[Assignment]: Please output the line containing "Esta alfombra fue" and all lines that follow it in the data below, exactly, with no pictures.

[Data provided]:
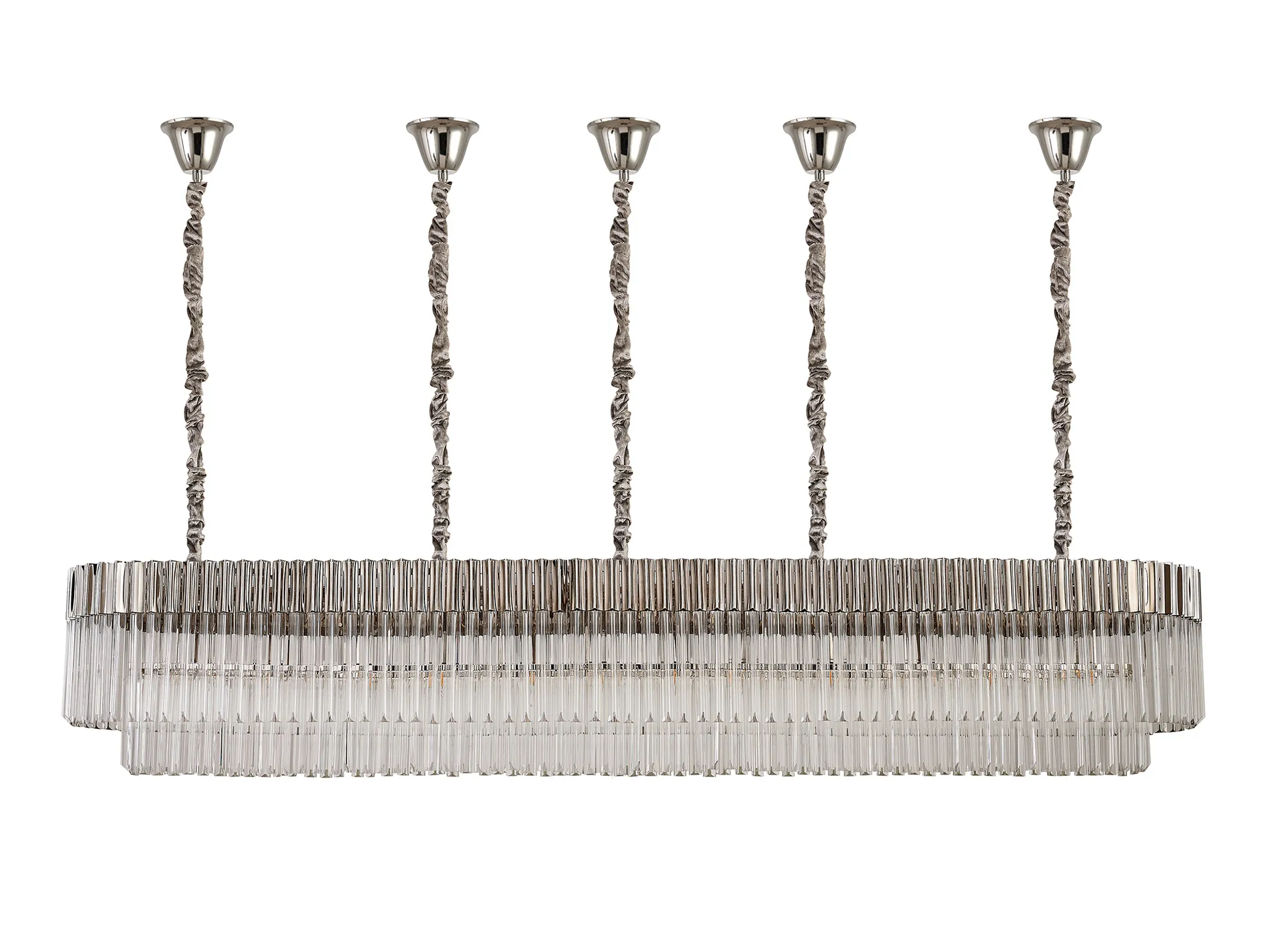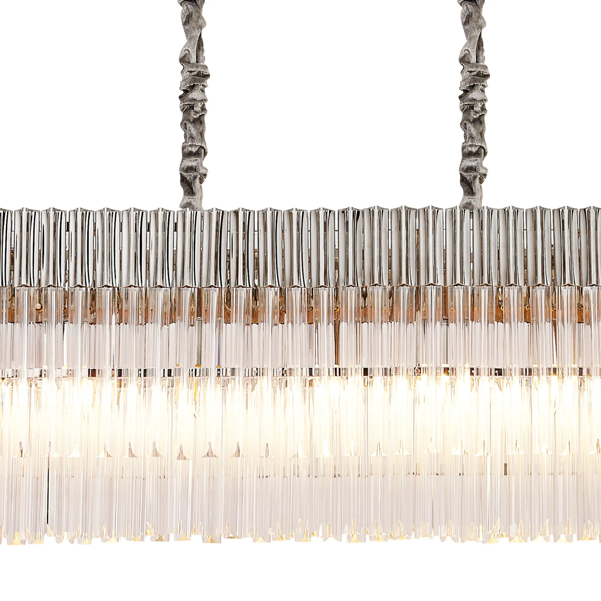 Barrytown 250 x 40cm Linear Pendant With Bell Cup, 13 Light E14, Polished Nickel/Clear Sculpted Glass, Item Weight: 61kg
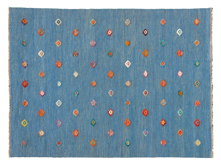 Esta alfombra fue hecha a mano en un telar como un tejido plano. Tejido plano es el término utilizado para describir las alfombras que no tienen pelo. Como el nombre promete, estas alfombras están tejidas y no anudadas. Esto resulta en una alfombra plana con una superficie estructurada. Los tejidos planos no son tan suaves y normalmente más delgados que las alfombras anudadas. Al mismo tiempo, su fabricación es mucho menos compleja y por lo general se pueden disponer por ambos lados (frontal y posterior). Sus patrones suelen ser geométricos, lo cual está determinado por el tejido.
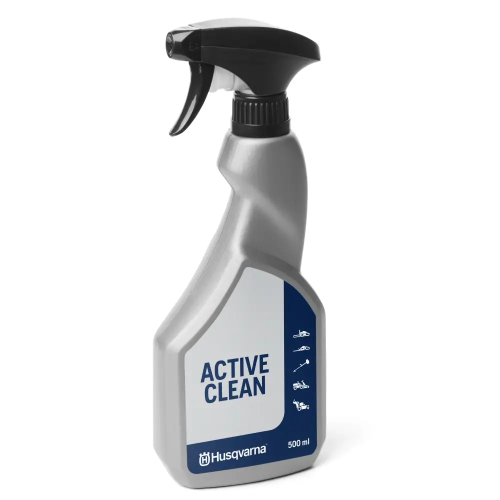 Spray de Limpeza Husqvarna Active Clean versátil, perfeito para barras e correntes de motosserras, outros equipamentos de jardim, filtros de ar de motores e até mesmo botas ou roupas.

[Solution]:
 Esta alfombra fue hecha a mano en un telar como un tejido plano. Tejido plano es el término utilizado para describir las alfombras que no tienen pelo. Como el nombre promete, estas alfombras están tejidas y no anudadas. Esto resulta en una alfombra plana con una superficie estructurada. Los tejidos planos no son tan suaves y normalmente más delgados que las alfombras anudadas. Al mismo tiempo, su fabricación es mucho menos compleja y por lo general se pueden disponer por ambos lados (frontal y posterior). Sus patrones suelen ser geométricos, lo cual está determinado por el tejido.
 Spray de Limpeza Husqvarna Active Clean versátil, perfeito para barras e correntes de motosserras, outros equipamentos de jardim, filtros de ar de motores e até mesmo botas ou roupas.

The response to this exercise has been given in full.